(Stored items from a collection)
***

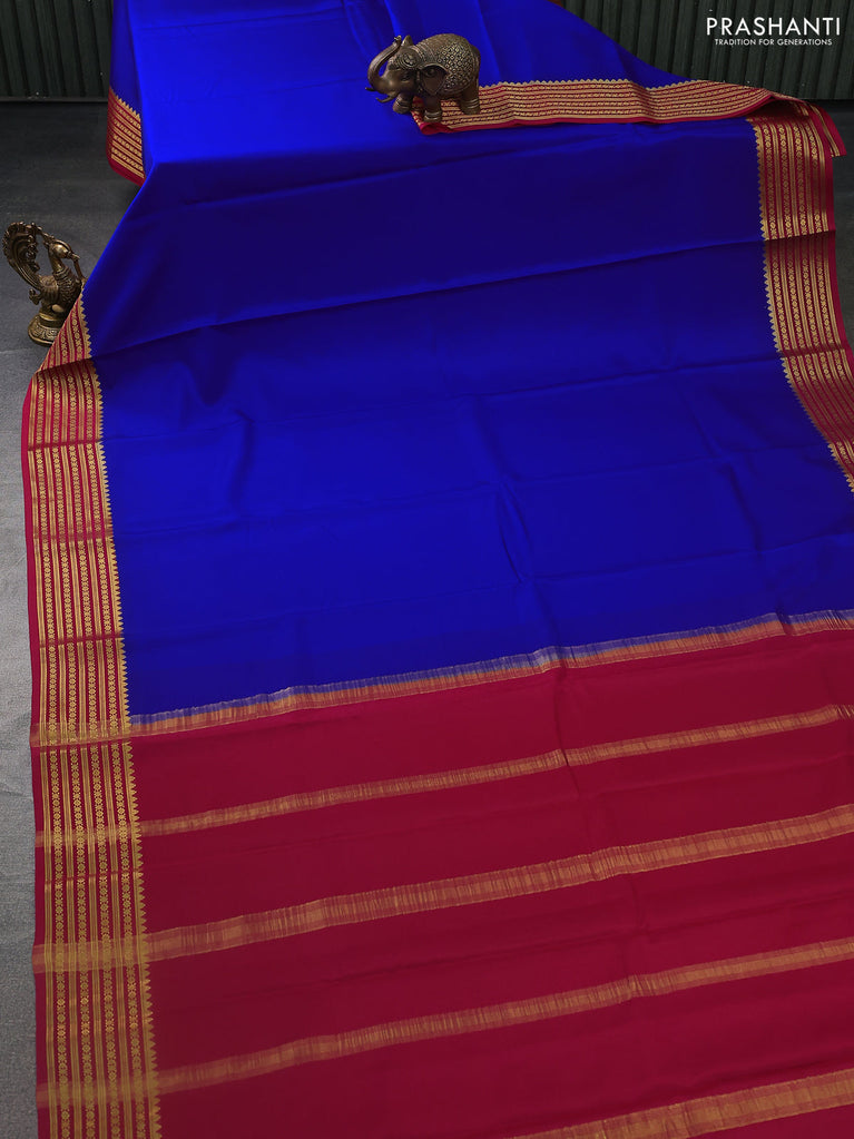 Pure mysore silk saree blue and dark pink with plain body and zari woven border
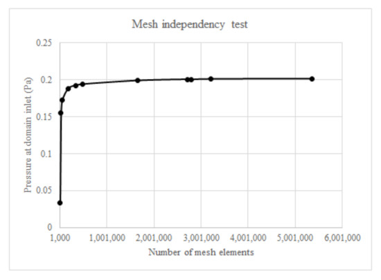 The hexahedral mesh is used and mesh independence is obtained with 2,797,202 elements in the simulation geometry. Figure 3 shows the mesh independency test results based on the calculated pressure at the domain inlet. The result does not change through three decimal places when the number of mesh elements exceeds 2.5 million.
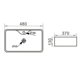 Lavabo rettangolare in ceramica colore bianco lucido da appoggiare sul piano senza fissaggio, senza foro troppopieno, con fori per rubinetto e piletta, non inclusi acquistabili separatamente.
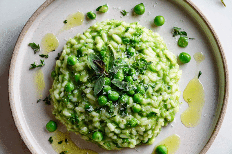 Let the risotto rest for 2 minutes off heat, then serve immediately. Finish with a sprinkle of Parmesan and a drizzle of olive oil if desired. The dish should be velvety, with a slight bite to the rice and bursts of sweet pea flavor in every spoonful.
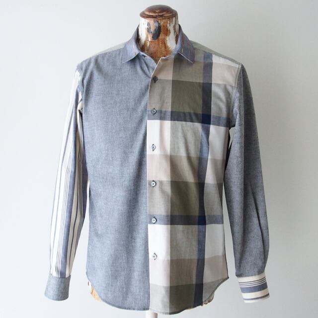 7種類の生地を使用したパッチワークシリーズのシャツです。メインカラーはグレーで、アクセントカラーはグリーン・オレンジなどです。各パーツのアップ画像をご希望の際は、お気軽にお問合せください。
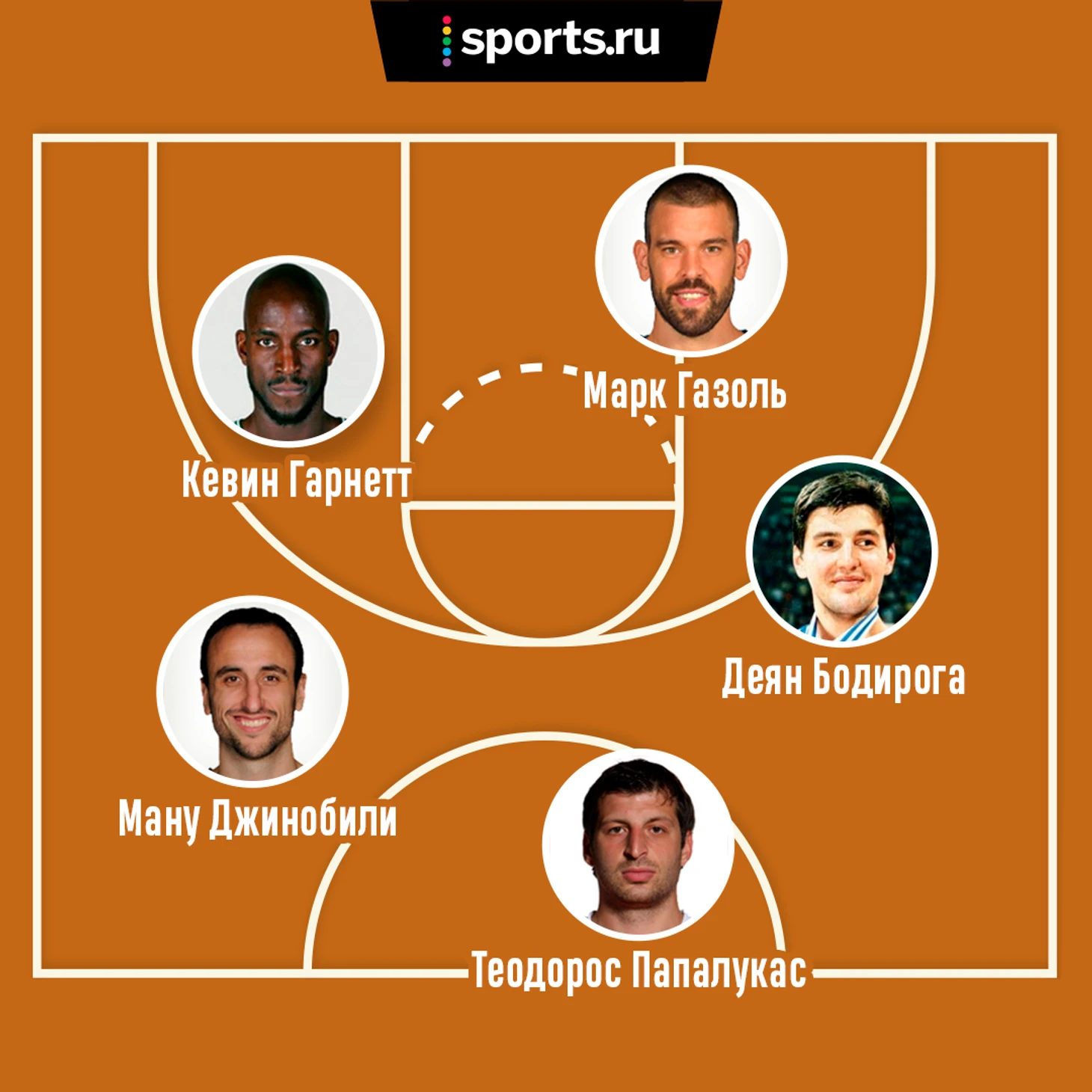 Я застал только самые последние сезоны Джордана, Хакима, Сабаса, поэтому не могу включить их в сборную. Из суперзвезд НБА моей эры любимая – Кевин Гарнетт (любимый просто игрок – Майк Бибби, но начинать строить команду с него как-то странно). Конечно, Леброн, Кобе, Тим, Шак добились большего за свою карьеру, но моя идеальная версия баскетболиста – это Гарнетт-2004.
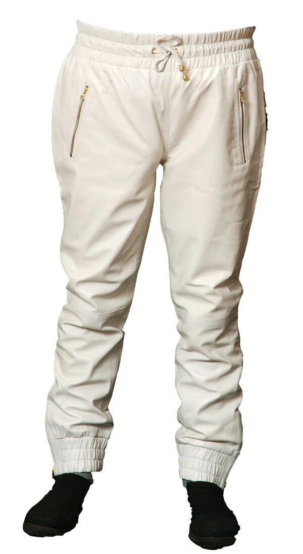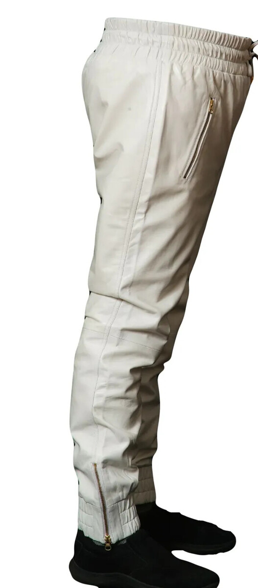 White Wear Men Trouser Genuine Leather Lambskin High Track Pants Joggers Quality
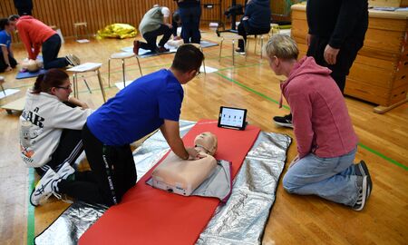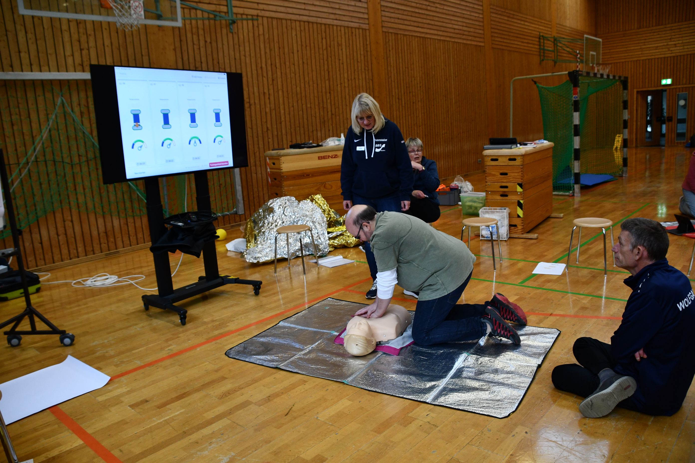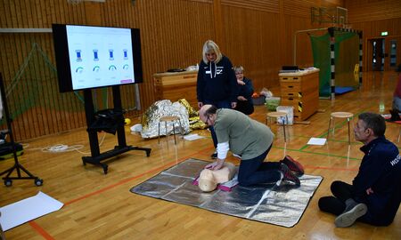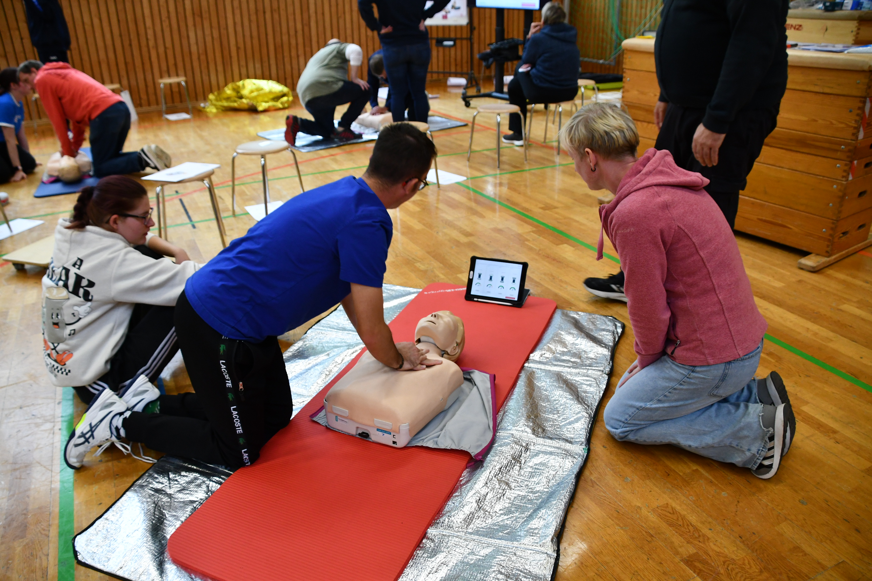 Die Teilnehmenden konnten das theoretisch vermittelte Wissen in zahlreichen praktischen Übungen anwenden und Notfallsituationen realitätsnah nachstellen. Besonders beeindruckt zeigte sich die Gruppe von der Herzdruckmassage an der Reanimationspuppe Anne – vielen wurde bewusst, wie anstrengend diese Maßnahme tatsächlich ist. Jeder hatte die Möglichkeit, die Reanimation an vier Puppen ausgiebig zu üben und zu verbessern. Ein Tablet gab dabei wertvolle Hinweise, ob schneller, langsamer, fester oder sanfter gedrückt werden musste.
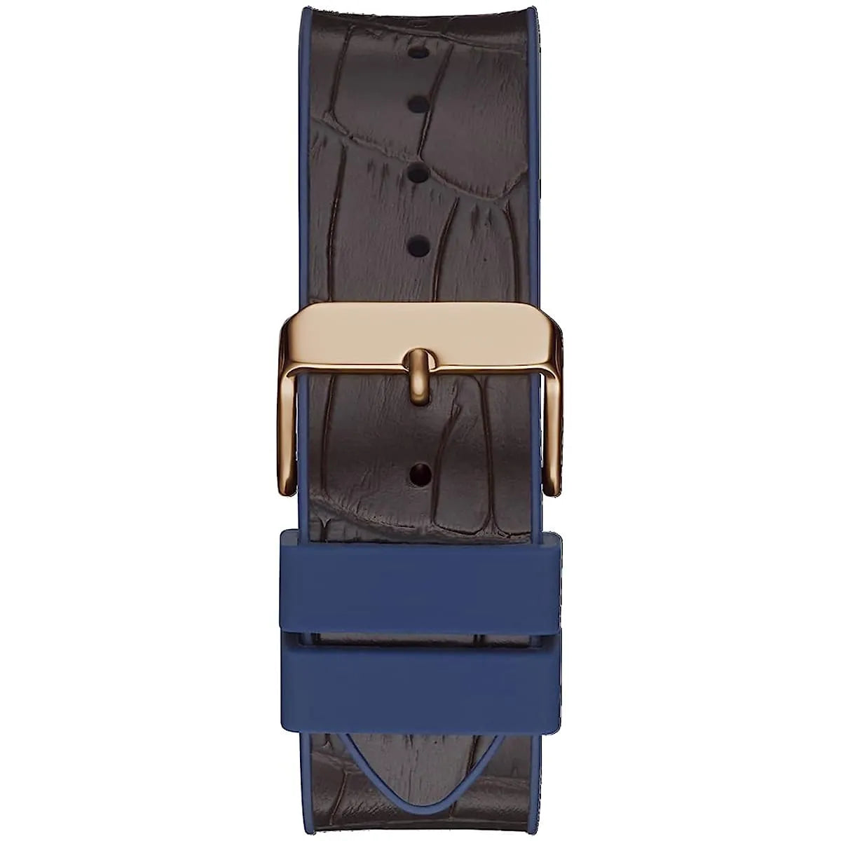 Specificaties: • Materiaal horlogeband: leer • Materiaal horlogekast: roestvrij staal • Bewegingstype: quartz • Kristal: mineraalglas • Inclusief: merkdoos • Soort sluiting: gesp • Kleur van de plaat: blauw • Kleur horlogekast: roségoud • Kleur van de band: bruin • Diameter van de horlogekast: 43 mm • Waterdichtheid: spatwaterdicht
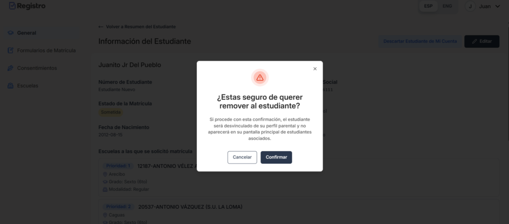 Una vez confirmado, el estudiante quedará desvinculado de su cuenta y ya no aparecerá en su perfil.
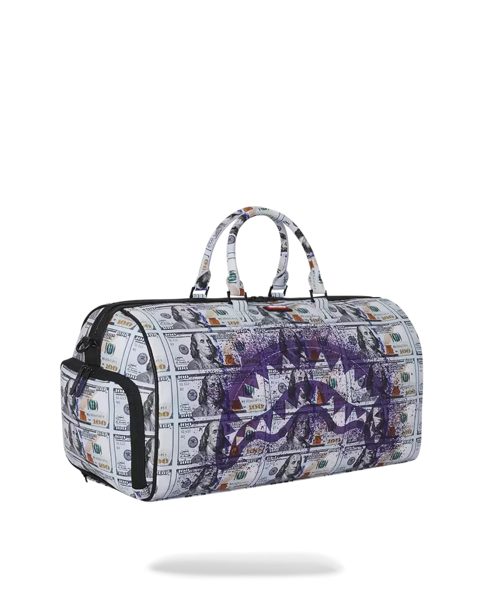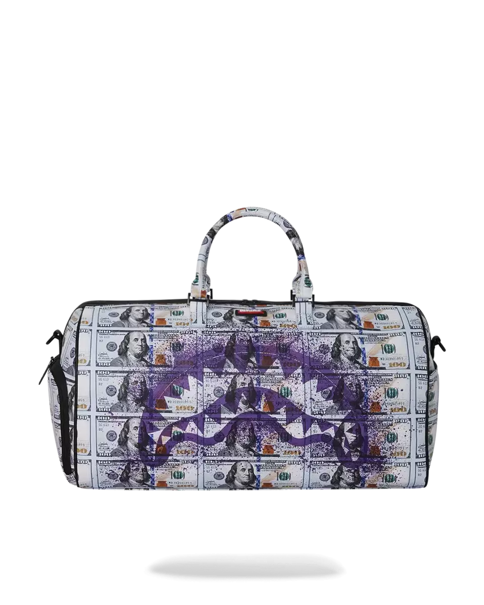 Dimensions: 20″ x 10″ x 10.75″ Metal zipper pocket Back Zippers Zippered sneaker pocket gold zippers Adjustable Straps for custom sizing Metal Zippers with Metal Hardware bag of Sprayground money
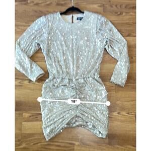 RETROFÊTE Gold Flynn ruched sequined tulle mini dress size L
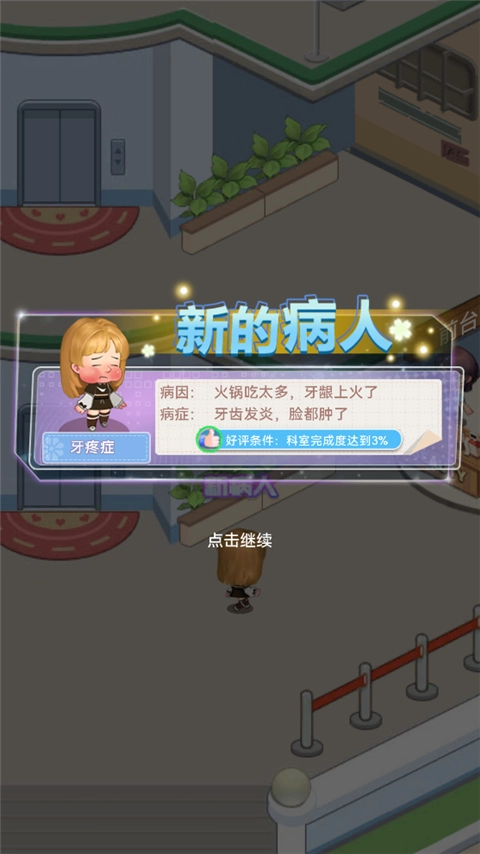 持续拓展科室的种类与功能,是提升医生专业技能以及患者康复率的关键,同时也是游戏后期运营的核心策略。
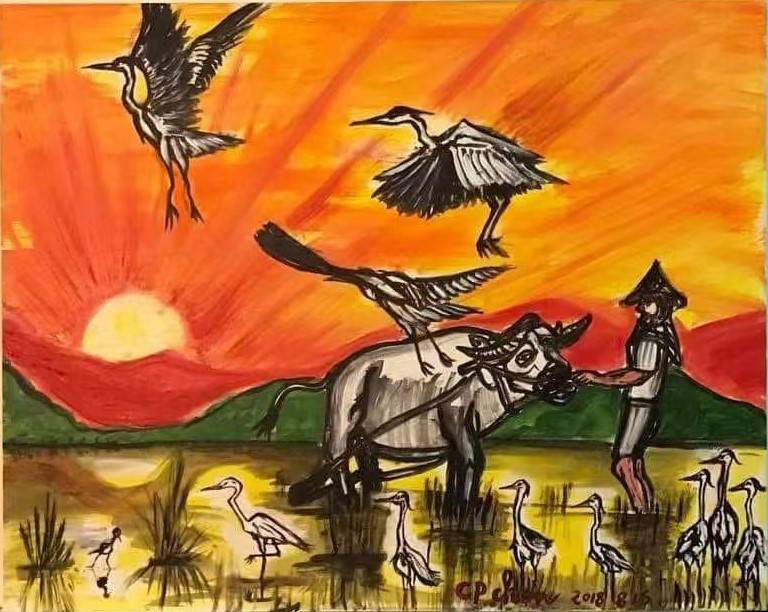 画面里,日出东方,霞光似火,为天地镀上崭新的色彩。这初升的太阳,宛如每日全新的开始,带来光与热,更带来希望与改变的可能。农夫与水牛在水田中劳作,他们的姿态并非僵化的重复,而是在日复一日的耕耘里,蕴含着对土地的新探索、对农时的新把握。每一次犁动,都是对旧有土地状态的打破,是为新的生命(作物)孕育创造条件,正契合 “苟日新”,每日都有新的作为与期盼。
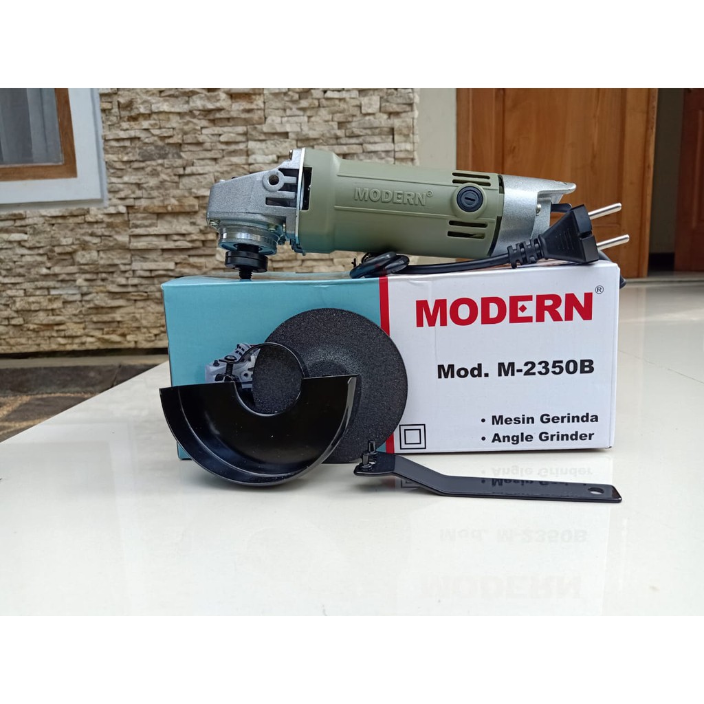 Mesin Gerenda Modern M-2350B merupakan mesin gerenda kelas menengah, dengan daya yang cukup besar 570watt diharapkan mampu memberikan power yang maksimal..Spesifikasi Produk :1. Diameter Disc 100mm2. Pelindung Pisau 75mm3. Voltase 220 volt4. Frekuensi 50-60 Hz5. Kecepatan tanpa beban 12000 rpm6. Daya 570 watt7. Berat 1,

***

Task – Print exactly, with no pictures, the lines above from the one that holds "持续拓展科室的种类与功能,是" through the one that holds "画面里,日出东方,霞光似火,为天地镀上崭", both of them included.

Solution –
 持续拓展科室的种类与功能,是提升医生专业技能以及患者康复率的关键,同时也是游戏后期运营的核心策略。
 画面里,日出东方,霞光似火,为天地镀上崭新的色彩。这初升的太阳,宛如每日全新的开始,带来光与热,更带来希望与改变的可能。农夫与水牛在水田中劳作,他们的姿态并非僵化的重复,而是在日复一日的耕耘里,蕴含着对土地的新探索、对农时的新把握。每一次犁动,都是对旧有土地状态的打破,是为新的生命(作物)孕育创造条件,正契合 “苟日新”,每日都有新的作为与期盼。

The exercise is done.